これにより、取締役会としても、分配可能額規制を意識した意思決定を行いやすくなります。


(4)チェックリストを整備する

分配可能額計算は、毎回ゼロから確認すると漏れが生じやすくなります。配当・自己株式取得時のチェックリストを作成し、必要な確認項目を標準化することが有効です。

チェックリストには、分配可能額の計算項目だけでなく、取締役会決議、開示、監査人確認、過去の自己株式取得状況、期中配当の有無なども含めるとよいでしょう。


(5)外部専門家への相談基準を決める

分配可能額の計算は、通常時であれば社内で対応できる場合も多いですが、複雑な資本取引がある場合には外部専門家に相談することが望まれます。

たとえば、次のようなケースです。

  • 大規模な自己株式取得を行なう場合

  • 期中に複数回の配当や自己株式取得を行なう場合

  • 組織再編や資本剰余金の変動がある場合

  • 臨時計算書類を利用する場合

  • 純資産項目に大きな変動がある場合

  • 分配可能額の余裕が小さい場合


外部相談の要否を事前に決めておくことで、判断が遅れるリスクを抑えられます。


8. 監査・内部統制上の視点

分配可能額の計算は、会計監査の直接的な対象そのものではない場合もありますが、上場会社の内部統制やガバナンスの観点では重要なテーマです。

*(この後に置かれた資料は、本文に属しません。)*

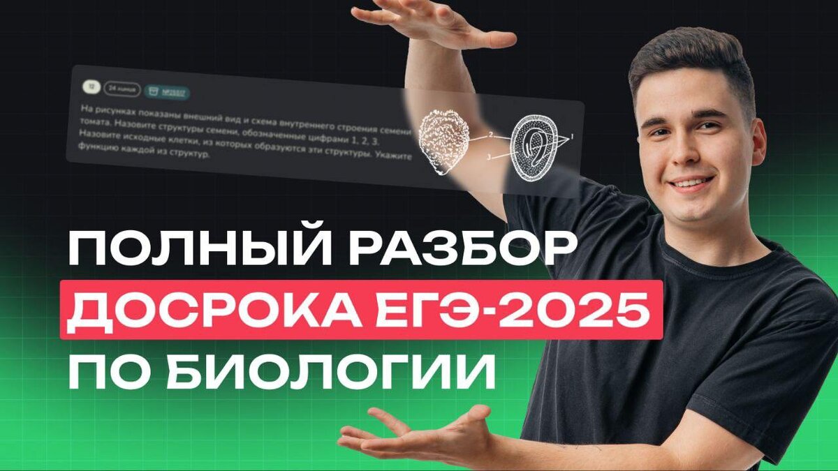 Разбор досрока — уже сегодня в 17:00 по МСК! Разберу 34 задания: будет и ботаника, и зоология, и анатомия, и генетика, и экология! Всем обязательно быть — на стриме я расскажу, что можно ожидать на основной волне ЕГЭ-2025! 🙂 Присоединяемся сегодня в 17:00: YouTube: https://www.youtube.com/live/2zb-dPjUOg8 ВК: https://vk.com/video-184221081_456263834

特に、自己株式取得や配当は、財務報告・資本政策・開示に影響します。分配可能額の確認プロセスに不備がある場合、内部統制上の重要な欠陥やガバナンス上の問題として評価される可能性もあります。内部監査部門は、次のような点を定期的に確認すると有効です。

  • 配当・自己株式取得時の承認フローが明確か

  • 分配可能額の計算担当部署が定められているか

  • 計算結果のレビュー担当者がいるか

  • 取締役会資料に分配可能額確認結果が記載されているか

  • 実施後の分配額が承認額を超えていないか

  • 自己株式取得の進捗管理が行われているか

  • 開示資料と社内計算資料が整合しているか


9. 企業が今すぐ確認すべきチェックリスト

分配可能額違反を防ぐために、次の点を確認しておきましょう。

  • 分配可能額の計算担当部署を明確にしているか

  • 法務部門と経理部門の役割分担が文書化されているか

  • 配当・自己株式取得を検討する際の社内連携フローがあるか

  • 取締役会付議前に分配可能額を試算しているか

  • 取締役会資料に分配可能額の確認結果を記載しているか

  • 自己株式取得の実施期間中、取得額を継続的にモニタリングしているか

  • 期中配当や過去の自己株式取得を反映した計算になっているか

  • 複雑な資本取引がある場合、外部専門家に相談しているか

  • 分配可能額計算チェックリストを整備しているか

  • 内部監査で分配可能額確認プロセスを点検しているか


まとめ

分配可能額規制は、剰余金配当や自己株式取得を行う際に必ず確認すべき会社法上の重要ルールです。違反が生じると、会社法上の問題にとどまらず、取締役の責任、投資家からの信頼低下、第三者委員会調査、ガバナンス不備の指摘など、企業に大きな影響を及ぼします。


実務上、分配可能額の計算は、法務と会計の境界にあるため、部署間の“お見合い”が起きやすい領域です。法務部門は「経理が計算しているはず」、経理部門は「法務が確認しているはず」と考えていると、重要な確認が抜け落ちる可能性があります。


配当や自己株式取得を安全に実施するには、分配可能額の主管部署を明確にし、法務・経理・経営企画・IRの連携フローを整え、取締役会資料に確認結果を明示することが重要です。


株主還元の強化が求められる今だからこそ、企業は分配可能額計算の体制を見直し、資本政策を適法かつ確実に実行できる内部管理体制を整備する必要があります。